I didn’t know if I’d ever stood this close to him before, close enough to wonder if it was his aftershave I smelt or if he smelt this good naturally.

“Olive.” The way he said my name was smoky, his voice low as his eyes focused on mine, the golden hint of the hazel gone. My eyes, meanwhile, had been fixed on his lips, pink and soft. Would he be all light touches, grazing, a hand slowly moving up my back. Or hard and needing, and pressure–delicious pressure.

Somehow, I needed to find out.

“What are you doing?” he asked, and I didn’t have the answer. His words felt like a hallucination at first, but they cemented themselves in my brain as I stepped forward, pushing myself up onto the tops of my toes so I was closer to his height. My hand snaked around his neck to the soft skin there. His gaze stuck on me, the alarm erased and replaced with a burning heat as he realized what I was doing. I pressed my lips to his, feeling the softness of them move against mine.

It was like two magnets colliding, the electric pull of him kept me going, kept him meeting my lips, moving against me. He tasted spicy, like ginger ale and brown sugar and rum. And now that I’d had a taste, I wanted more.

I pulled back momentarily, my lungs burning for air as I waited for my sense of self to take hold again.
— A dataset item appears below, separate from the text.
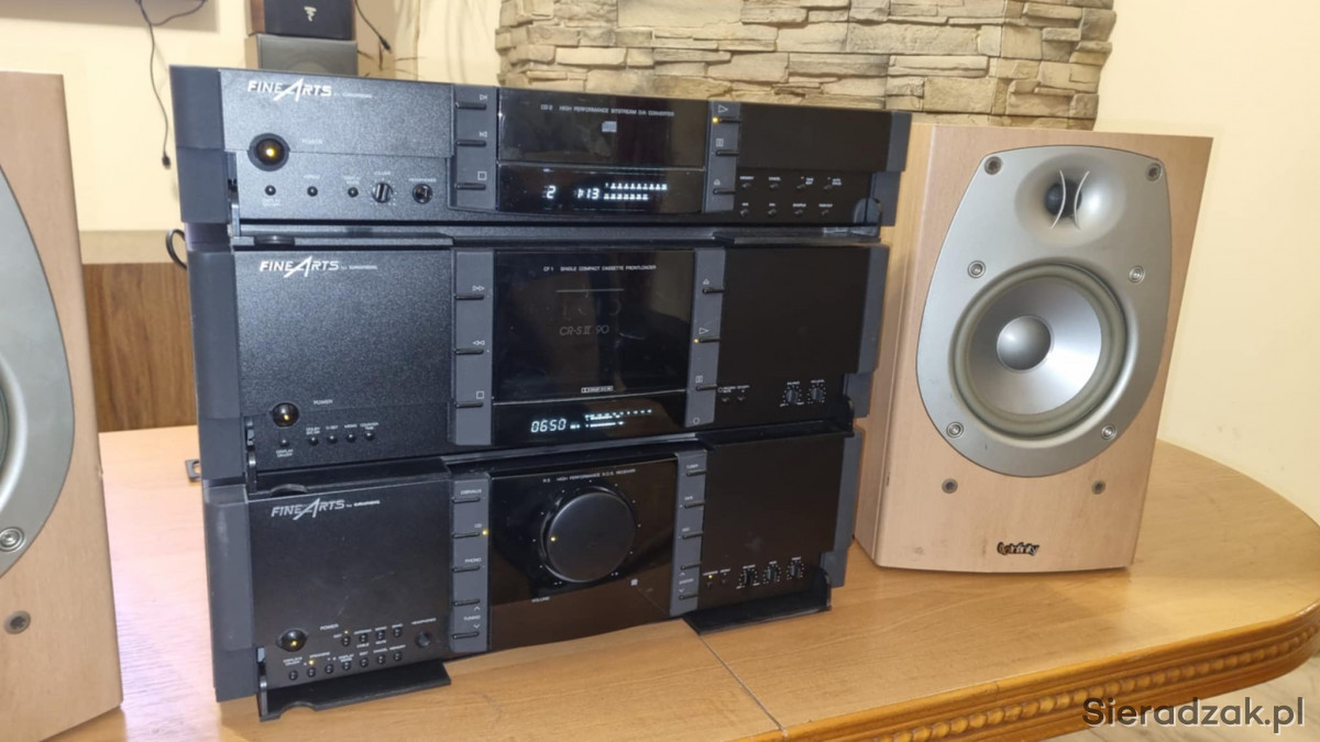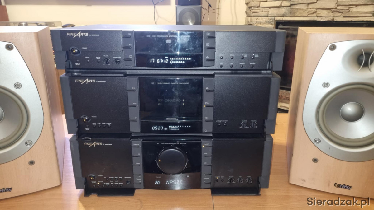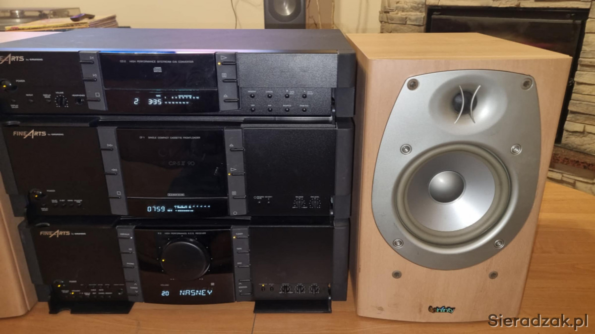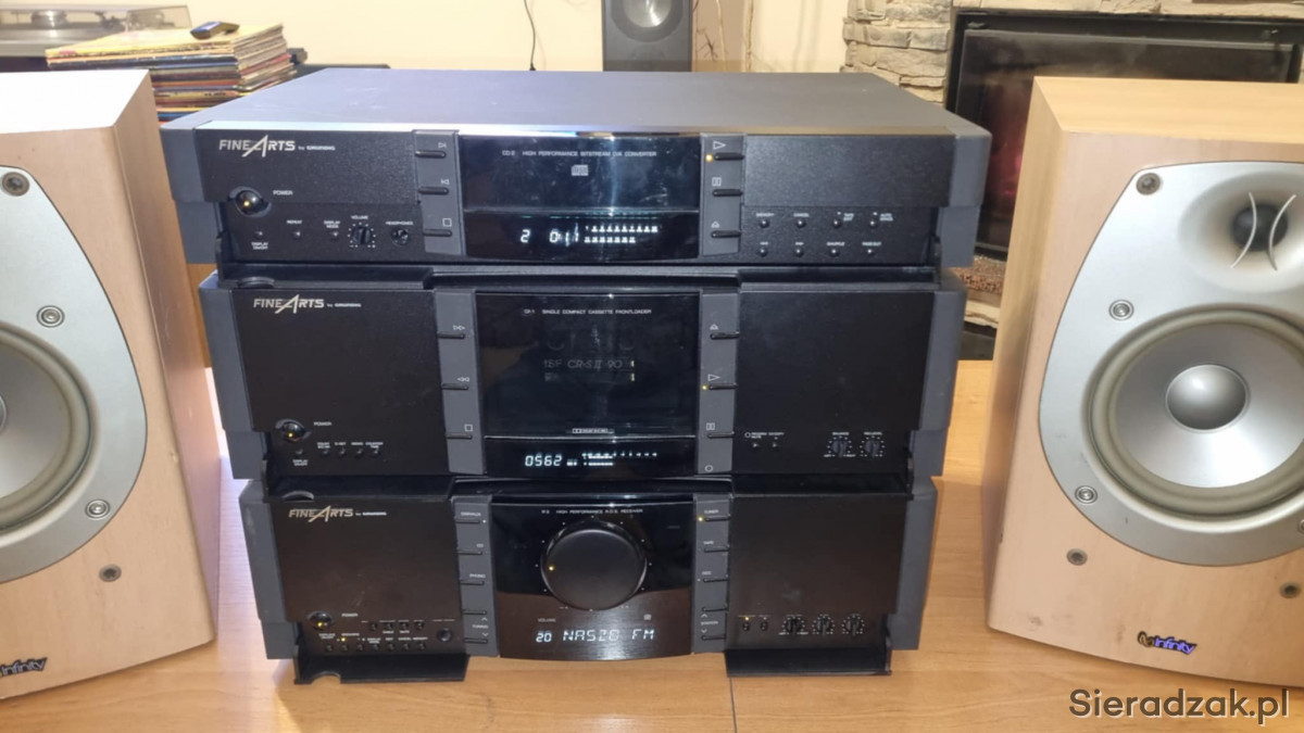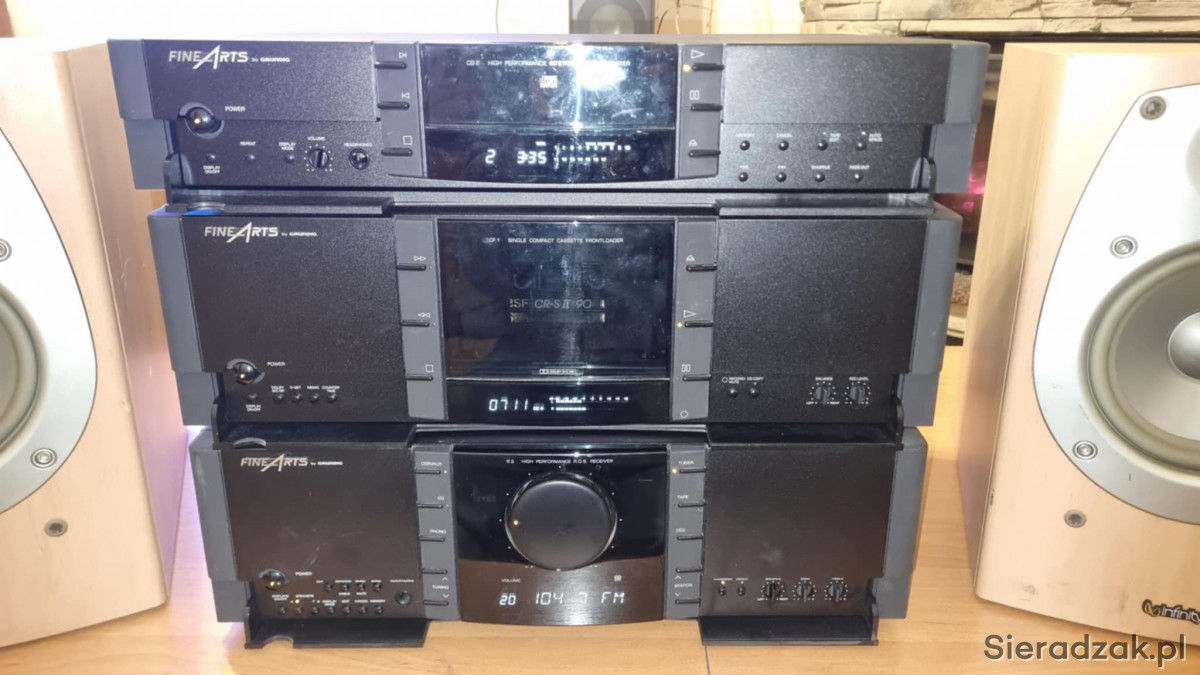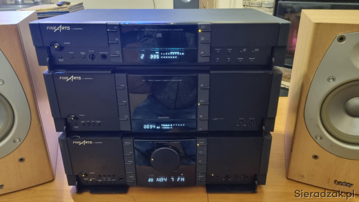 Wieża segmentowa Grundig FineArts amplituner R-3 z RDS Magnetofon kasetowy Grundig FineArts CF-1 oraz odtwarzacz CD Grundig FineArts CD-2. W komplecie kolumny Infinity Beta 20.
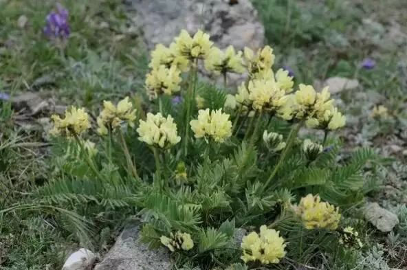 花期:6—7月。黄花棘豆又称“马绊肠”,它含有生物碱,是草场的毒草之一。

I immediately missed the pressure, the taste of him. He stared back at me, and blinked, like he too was trying to process what I had just done. I lifted my hand from the back of his neck as my heart fell into my stomach.

“Shit, Ben, I’m sorry. I don’t know what I was thinking–” I started to babble, panic building as I continued to process what on earth I had actually just done.
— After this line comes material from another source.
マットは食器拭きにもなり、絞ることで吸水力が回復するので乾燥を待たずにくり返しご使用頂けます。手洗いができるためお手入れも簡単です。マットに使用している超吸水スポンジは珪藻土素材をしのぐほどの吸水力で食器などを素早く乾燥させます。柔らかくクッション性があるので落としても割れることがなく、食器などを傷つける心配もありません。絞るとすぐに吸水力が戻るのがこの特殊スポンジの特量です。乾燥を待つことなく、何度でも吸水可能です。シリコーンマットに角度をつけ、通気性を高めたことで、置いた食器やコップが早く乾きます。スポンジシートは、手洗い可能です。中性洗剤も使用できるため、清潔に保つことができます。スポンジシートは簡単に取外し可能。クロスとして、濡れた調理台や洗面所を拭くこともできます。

I’d kissed him. Out of nowhere. What on earth had I been thinking?

“Olive.” His voice was barely louder than a whisper, the sound like stones rubbing together.

I blinked, trying to swallow the lump that had suddenly appeared in my throat, “Yes?”

“Shut up.”

And then he was wrapped around me. One calloused hand finding my lower back, the other landing on my opposite shoulder as he pulled me impossibly close. His lips were on mine, the velvet softness landing with a pressure that clearly demanded more.